Tuesday, October 31, 2006

Auden's Thoughts on Catullus (et al.)

From 'New Year Letter', Part One:

There DRYDEN sits with modest smile,
The master of the middle style,
Conscious CATULLUS who made all
His gutter-language musical,
Black TENNYSON whose talents were
For an articulate despair,
Trim, dualistic BAUDELAIRE,
Poet of cities, harbours, whores,
Acedia, gaslight and remorse,
HARDY whose Dorset gave much joy
To one unsocial English boy,
And RILKE whom die Dinge bless,
The Santa Claus of loneliness.

An Article on Novels Set in Ancient Rome

You may find it here.

(Link via Arts&Letters Daily.)

Monday, October 30, 2006

'Sermo Beati Augustini super Verbis Apostoli ad Galatas...

The Boar's Head Tavern currently has a banner quote by Augustine (not sure how long it will remain up there) that reads as follows:

We, who preach and write books, write in a manner altogether different from the manner in which the canon of Scriptures has been written. We write while we make progress. We learn something new every day. We dictate at the same time as we explore. We speak as we still knock for understanding. … I urge your charity, on my behalf and in my own case, that you should not take any previous book or preaching of mine as Holy Scripture. … If anyone criticises me when I have said what is right, he does not do right.
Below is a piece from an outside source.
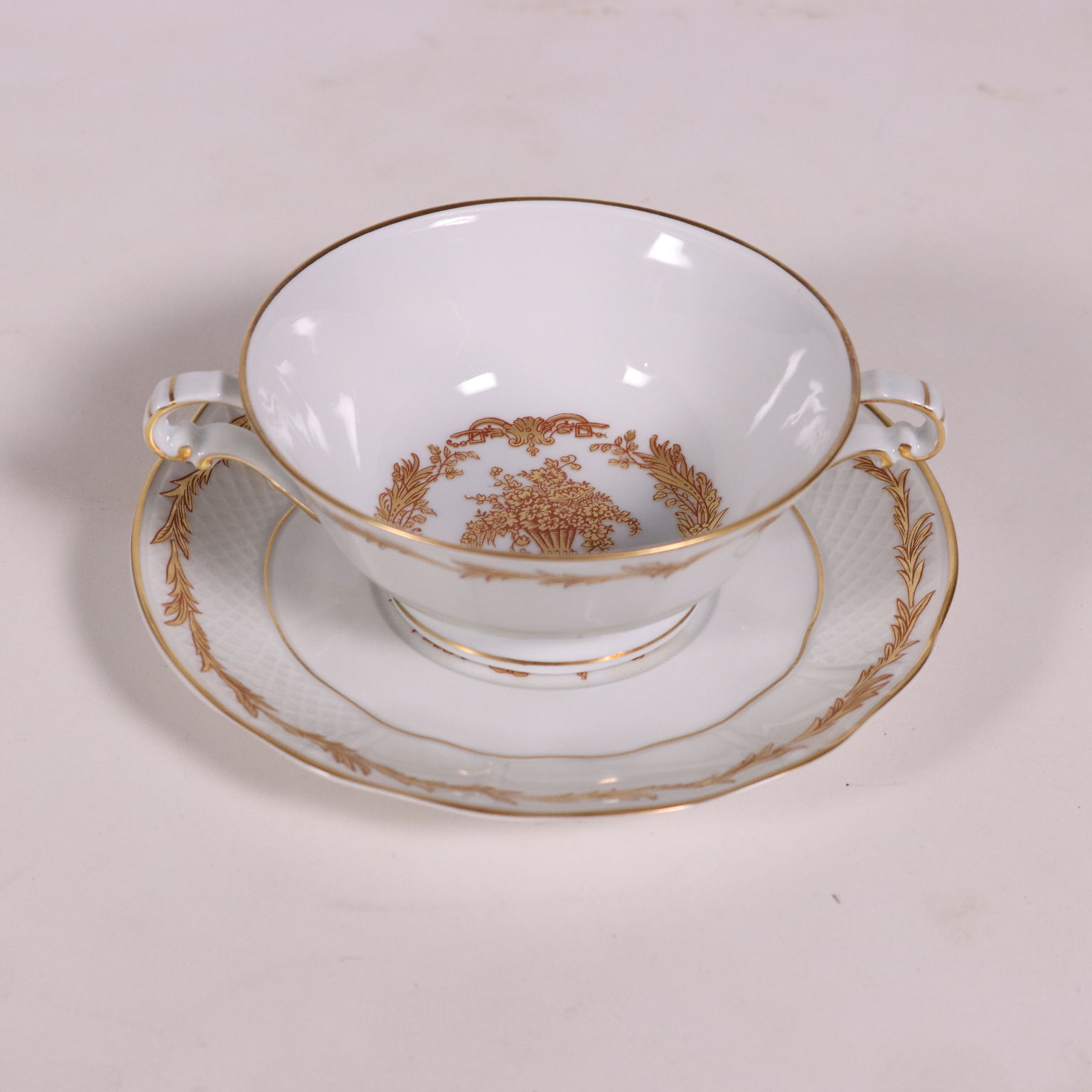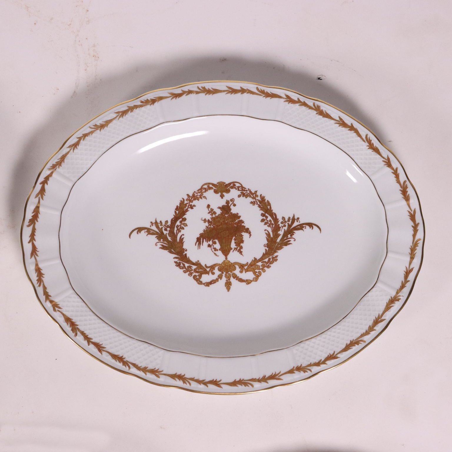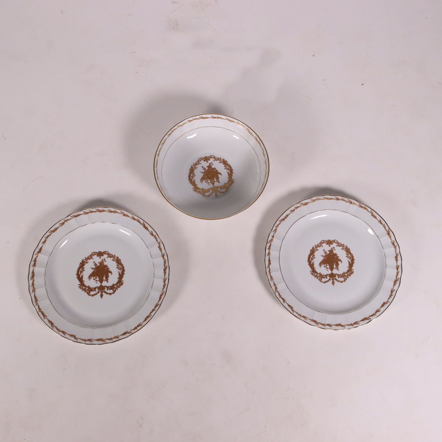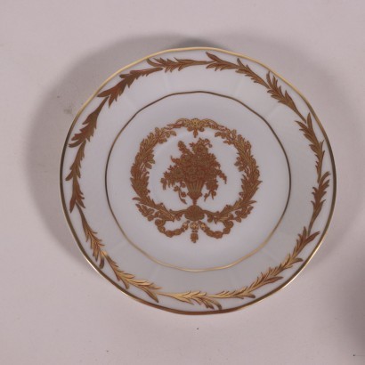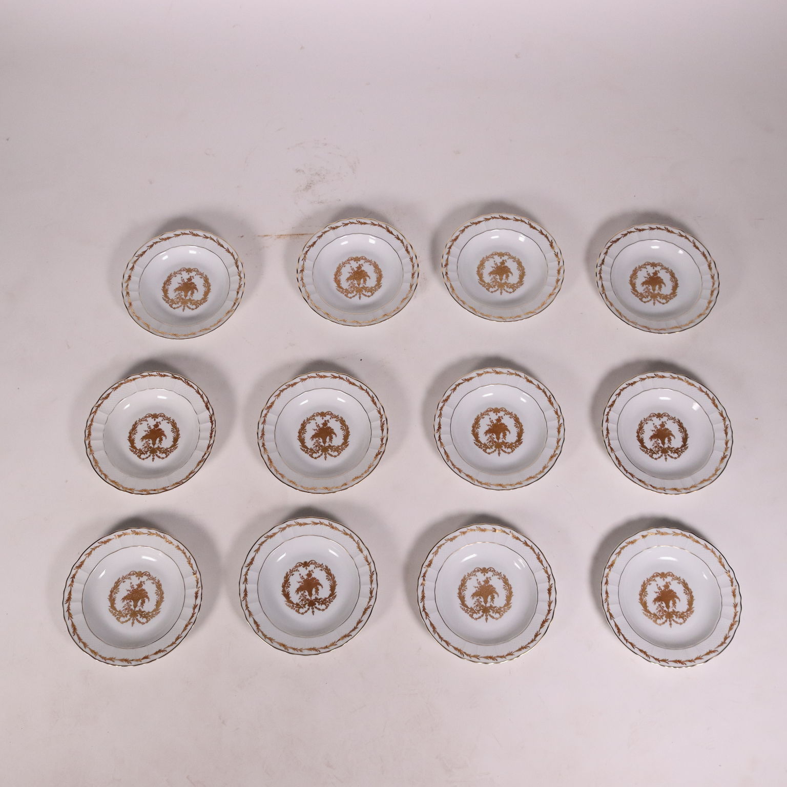 Porcelana establece L. & C. Bernardaud Limoges con decoración de Lulli, similar al servicio realizado por la visita a Francia por la reina Isabel II de Inglaterra, en abril de 1957. Conjunto de cena que consiste en: dos soperas, una salsera, treinta y seis de la cena platos, doce platos hondos, doce platos de frutas, una ensaladera, dos platos redondos y cinco platos ovalados. Servicio de café para doce personas y servicio de consomé para doce personas.

But I would be more angry with the one who praises me and takes what I have written for Gospel truth than the one who criticises me unfairly.

For anyone interested (which perhaps is only me), I believe this is pulled from one of Augustine's Dolbeau sermons (the 'Sermo Beati Augustini super Verbis Apostoli ad Galatas...'). Here is some of the Latin, which includes part of the passage quoted above:
Certe non quiesco, quantum possum, ubi esse possum utilis fratribus, et loquendo et scribendo. Admoneo caritatem vestram, a me, usque ad me, ne cuiusquam disputationis librum aut disputationem pro canonica scriptura habere velitis. In scripturis sanctis iudicare discimus, in scripturis nostris iudicari non dedignamur. Illud quidem eligendum est et hoc potius de duobus optandum, ut scribendo vel loquendo vera dicamus, nusquam erremus. Sed quoniam hoc implere difficile est, ideo aliud est firmamentum canonis, tamquam caelum ubi sunt constituta luminaria scripturarum, velut inter aquas et aquas, inter populos angelorum et populos hominum: illos supra, istos infra. Teneamus scripturam tamquam scripturam, tamquam deum loquentem; non ibi quaeramus hominem errantem. Non enim frustra canon in ecclesiam constitutus est: spiritus sancti hoc officium est. Si quis ergo legit librum meum, iudicet me: si rationabile dixi, sequatur non me, sed rationem ipsam; si hoc provavi testmonio evidentissimo atque divino, sequatur non me, sed scripturam divinam. Se autem aliquid quod ego recte dixi reprehendere voluerit, non rect facit, sed plus irascor tali lauditori meo qui librum meum tamquam canonicum accipit, quam ei qui in libro meo etiam non reprehendenda reprehendit. Rogo vos: quamvis intentos vos videam et paene recentissimos, velut modo audire coeperitis, tamen nolo aliquid amplius dicere, ut hoc quod ultimum dixi fortiter teneatis.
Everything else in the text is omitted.